▶ [Goal of the exercise]
Images excluded, repeat each entry below exactly.

▶ [Dataset entries]
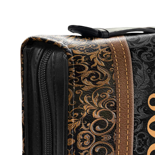 Our Bible cover is designed for convenience. It boasts a sturdy handle, comfortable to hold and securely stitched to the spine. You can also slip it into a larger bag, making it ideal for church, Bible study, and travel.
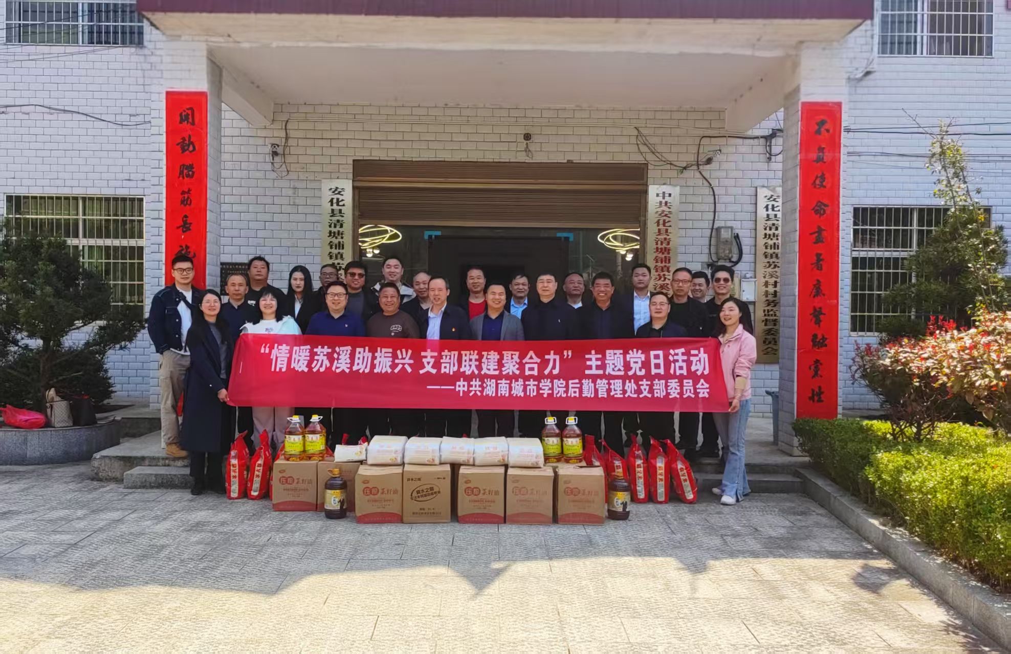 (撰稿人:雷玉成)3月21日,米兰体育·米兰官方网站后勤管理处党支部携手苏溪村党总支,以“情暖苏溪助振兴 支部联建聚合力”为主题开展了一场别开生面的主题党日活动。通过“党建+志愿服务+乡村振兴”三融合创新模式,将高校后勤资源优势注入乡村沃土,绘就了一幅校村携手共促振兴的生动图景。校党委委员、组织部部长吕贤军,机关党委书记曹友余、后勤管理处党支部全体党员、后勤管理处中层(含)以上干部、后勤服务企业代表和苏溪村党总支党员代表、学校驻村工作队共计四十余人参加此次活动。
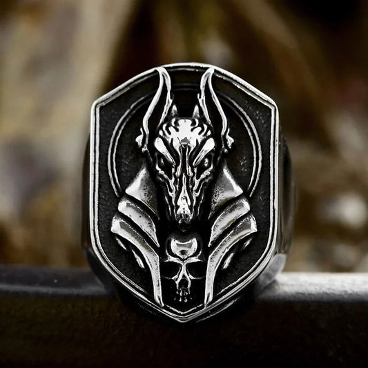 Anubis Ring Ancient Egyptian Mens Skull - Stainless Steel Silver - Unisex
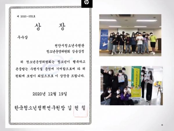 [충청뉴스큐] 천안시청소년수련관 청소년운영위원회 ‘상송상청’이 2020년 전국 청소년수련시설 청소년운영위원회 평가에서 우수 청소년운영위원회로 선정돼 한국청소년정책연구원장상을 수상했다.
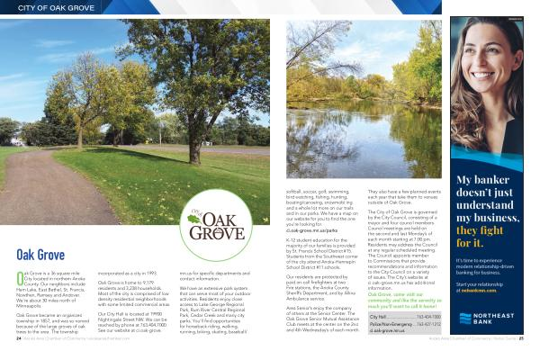 The City of Oak Grove is governed by the City Council, consisting of a mayor and four council members. Council meetings are held on the second and last Monday’ s of each month starting at 7:00 pm. Residents may address the Council at any regular scheduled meeting. The Council appoints member to Commissions that provide recommendations and information to the City Council on a variety of issues. The City’ s website at ci. oak-grove. mn. us has additional information. Oak Grove, come visit our community and like the serenity so much you’ ll want to call it home!
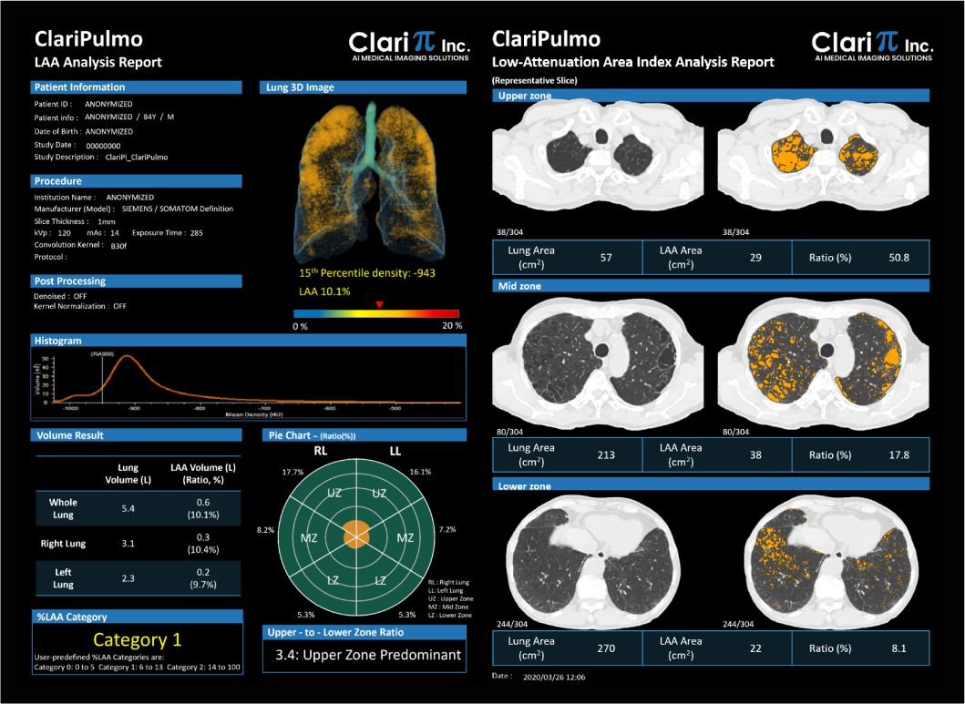 - ClariPulmo provides summary reports for measurement results that contain color overlay images for lung tissues as well as table and charts displaying analysis results

▶ [Your response]
 Our Bible cover is designed for convenience. It boasts a sturdy handle, comfortable to hold and securely stitched to the spine. You can also slip it into a larger bag, making it ideal for church, Bible study, and travel.
 (撰稿人:雷玉成)3月21日,米兰体育·米兰官方网站后勤管理处党支部携手苏溪村党总支,以“情暖苏溪助振兴 支部联建聚合力”为主题开展了一场别开生面的主题党日活动。通过“党建+志愿服务+乡村振兴”三融合创新模式,将高校后勤资源优势注入乡村沃土,绘就了一幅校村携手共促振兴的生动图景。校党委委员、组织部部长吕贤军,机关党委书记曹友余、后勤管理处党支部全体党员、后勤管理处中层(含)以上干部、后勤服务企业代表和苏溪村党总支党员代表、学校驻村工作队共计四十余人参加此次活动。
 Anubis Ring Ancient Egyptian Mens Skull - Stainless Steel Silver - Unisex
 [충청뉴스큐] 천안시청소년수련관 청소년운영위원회 ‘상송상청’이 2020년 전국 청소년수련시설 청소년운영위원회 평가에서 우수 청소년운영위원회로 선정돼 한국청소년정책연구원장상을 수상했다.
 The City of Oak Grove is governed by the City Council, consisting of a mayor and four council members. Council meetings are held on the second and last Monday’ s of each month starting at 7:00 pm. Residents may address the Council at any regular scheduled meeting. The Council appoints member to Commissions that provide recommendations and information to the City Council on a variety of issues. The City’ s website at ci. oak-grove. mn. us has additional information. Oak Grove, come visit our community and like the serenity so much you’ ll want to call it home!
 - ClariPulmo provides summary reports for measurement results that contain color overlay images for lung tissues as well as table and charts displaying analysis results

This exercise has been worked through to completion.